Na obiad rolada słubicka albo szyneczka, do picia wino lub lokalne piwo, a na deser lody z Doliny Noteci – tak mółby wyglądać typowy lubuski obiad. Ale tradycyjnych, lokalnych produktów w naszym regionie powstaje o wiele więcej. Trzynaście z nich znalazło się na krajowej Liście Produktów Tradycyjnych, a niemal wszystkie promujemy za granicą (szczególnie Niemcy doceniają walory smakowe naszych produktów). Być może sekret naszej kuchni twki w jej różnorodności: lubuskie smaki to wypadkowa kuchni z Ukrainy, Podola, Białorusi, Polesia, Wielkopolski, Niemiec…

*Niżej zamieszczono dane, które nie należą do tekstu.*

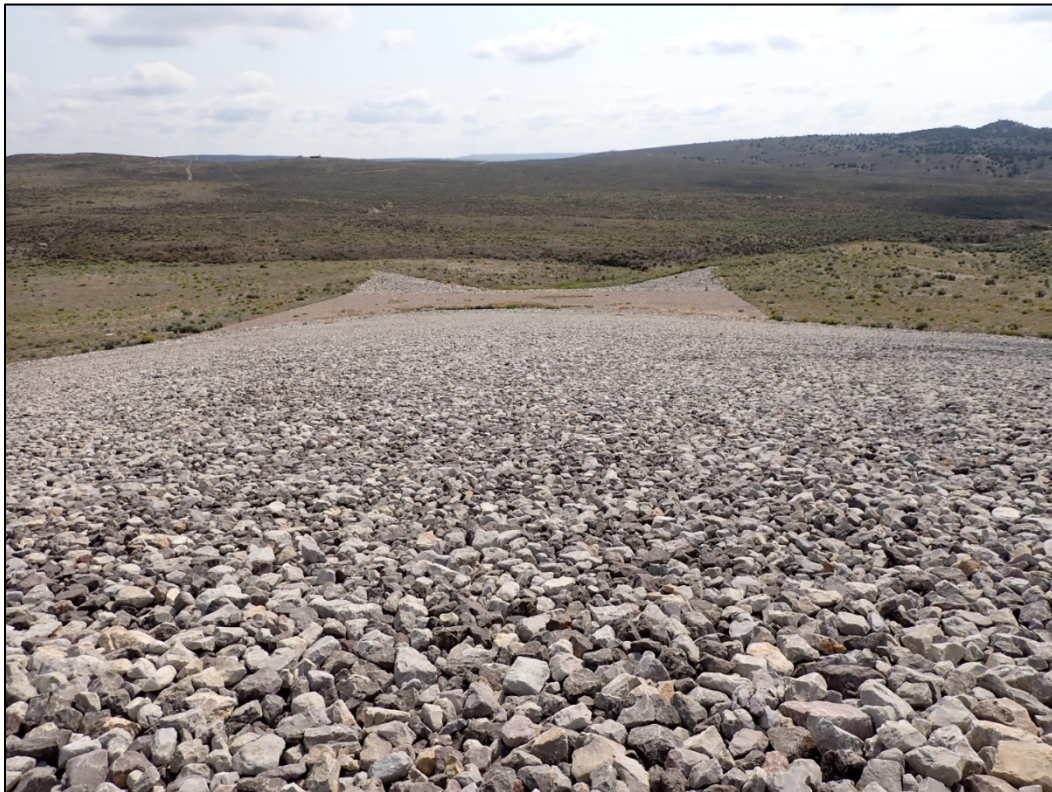
PL-10. Disposal Cell Eastern Side Slope and Cobble Blanket

Już niedugo ruszy produkcja wina w Zaborze – największej winnicy w Polsce. Z czego jeszcze słynie lubuskie? Z niezwykle czystego powietrza (mamy przecież blisko pięćdziesięcioprocentowe zalesienie), wspaniałych jezior, przepięknych krajobrazów.
– Jeśli nie stać kogoś na egzotyczne wyjazdy, z powodzeniem może spędzić majówkę w Lubuskiem – zachęca marszałek Stanisław Tomczyszyn.